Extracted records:
--
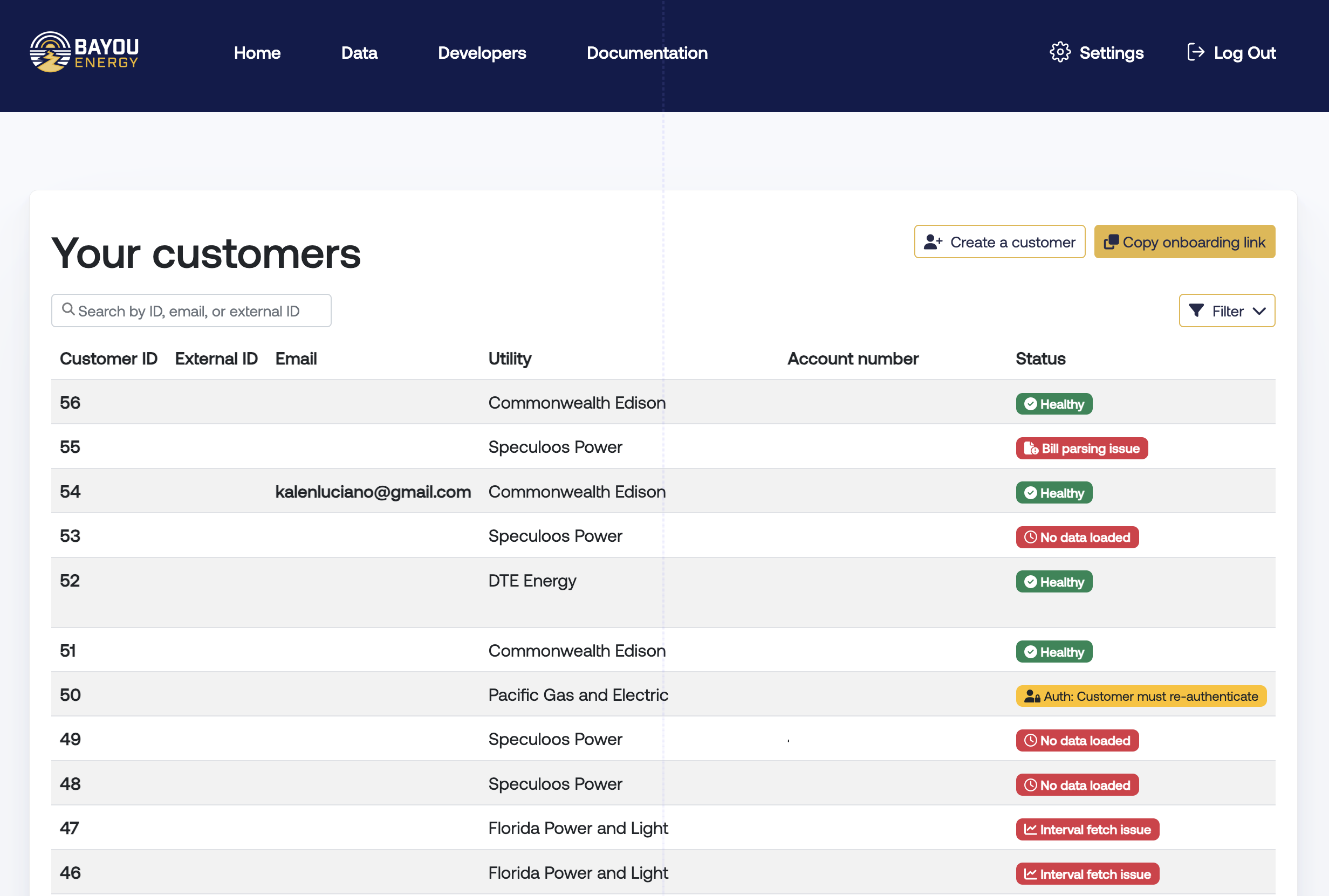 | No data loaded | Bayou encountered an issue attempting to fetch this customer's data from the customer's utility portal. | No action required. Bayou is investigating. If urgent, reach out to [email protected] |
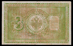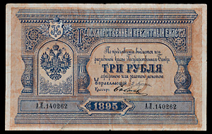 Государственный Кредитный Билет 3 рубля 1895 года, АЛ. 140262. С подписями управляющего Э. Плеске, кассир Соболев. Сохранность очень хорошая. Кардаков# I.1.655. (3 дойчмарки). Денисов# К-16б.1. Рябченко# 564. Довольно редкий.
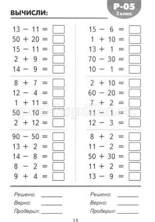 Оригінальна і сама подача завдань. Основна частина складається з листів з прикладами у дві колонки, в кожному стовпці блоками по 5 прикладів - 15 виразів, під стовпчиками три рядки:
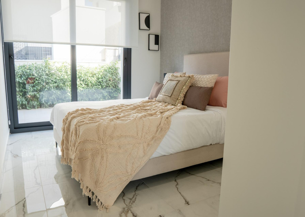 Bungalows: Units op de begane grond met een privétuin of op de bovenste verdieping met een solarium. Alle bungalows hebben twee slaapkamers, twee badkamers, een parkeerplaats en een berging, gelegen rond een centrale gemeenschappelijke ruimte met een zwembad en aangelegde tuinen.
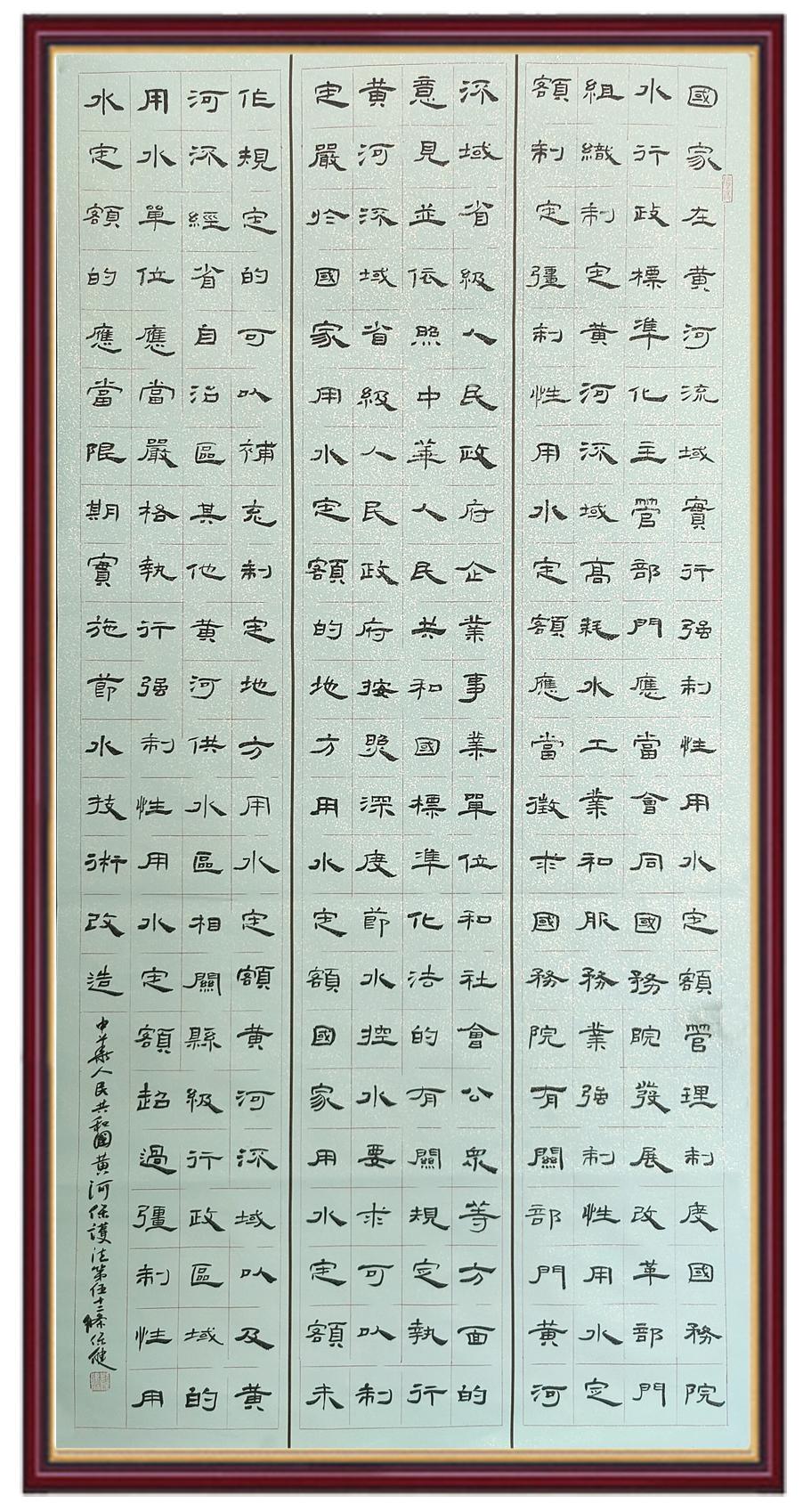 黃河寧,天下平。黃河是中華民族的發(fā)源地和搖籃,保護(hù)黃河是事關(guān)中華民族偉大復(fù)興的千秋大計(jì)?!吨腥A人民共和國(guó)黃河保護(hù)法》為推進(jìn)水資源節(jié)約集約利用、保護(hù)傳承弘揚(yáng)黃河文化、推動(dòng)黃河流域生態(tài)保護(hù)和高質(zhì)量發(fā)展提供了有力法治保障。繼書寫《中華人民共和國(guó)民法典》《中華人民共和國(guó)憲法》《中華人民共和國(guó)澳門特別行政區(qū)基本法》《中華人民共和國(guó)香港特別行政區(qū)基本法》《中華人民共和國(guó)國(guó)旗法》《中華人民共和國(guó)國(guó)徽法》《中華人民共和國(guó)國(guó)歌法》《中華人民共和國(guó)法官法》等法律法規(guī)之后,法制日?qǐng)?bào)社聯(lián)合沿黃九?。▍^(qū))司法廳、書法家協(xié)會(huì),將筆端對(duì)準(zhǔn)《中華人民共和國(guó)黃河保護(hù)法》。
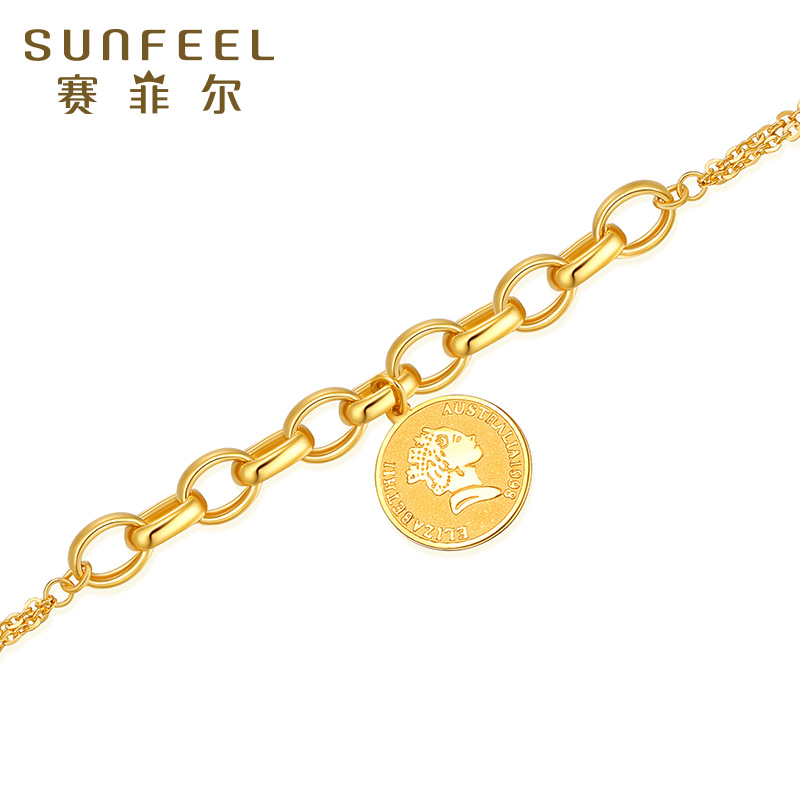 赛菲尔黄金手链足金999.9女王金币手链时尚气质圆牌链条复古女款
--
Assignment: Write out exactly the lines from the one that contains "黃河寧,天下平。黃河是中華民" through the last line of the data above, both included. Leave every picture out.

Exercise output:
 黃河寧,天下平。黃河是中華民族的發(fā)源地和搖籃,保護(hù)黃河是事關(guān)中華民族偉大復(fù)興的千秋大計(jì)?!吨腥A人民共和國(guó)黃河保護(hù)法》為推進(jìn)水資源節(jié)約集約利用、保護(hù)傳承弘揚(yáng)黃河文化、推動(dòng)黃河流域生態(tài)保護(hù)和高質(zhì)量發(fā)展提供了有力法治保障。繼書寫《中華人民共和國(guó)民法典》《中華人民共和國(guó)憲法》《中華人民共和國(guó)澳門特別行政區(qū)基本法》《中華人民共和國(guó)香港特別行政區(qū)基本法》《中華人民共和國(guó)國(guó)旗法》《中華人民共和國(guó)國(guó)徽法》《中華人民共和國(guó)國(guó)歌法》《中華人民共和國(guó)法官法》等法律法規(guī)之后,法制日?qǐng)?bào)社聯(lián)合沿黃九?。▍^(qū))司法廳、書法家協(xié)會(huì),將筆端對(duì)準(zhǔn)《中華人民共和國(guó)黃河保護(hù)法》。
 赛菲尔黄金手链足金999.9女王金币手链时尚气质圆牌链条复古女款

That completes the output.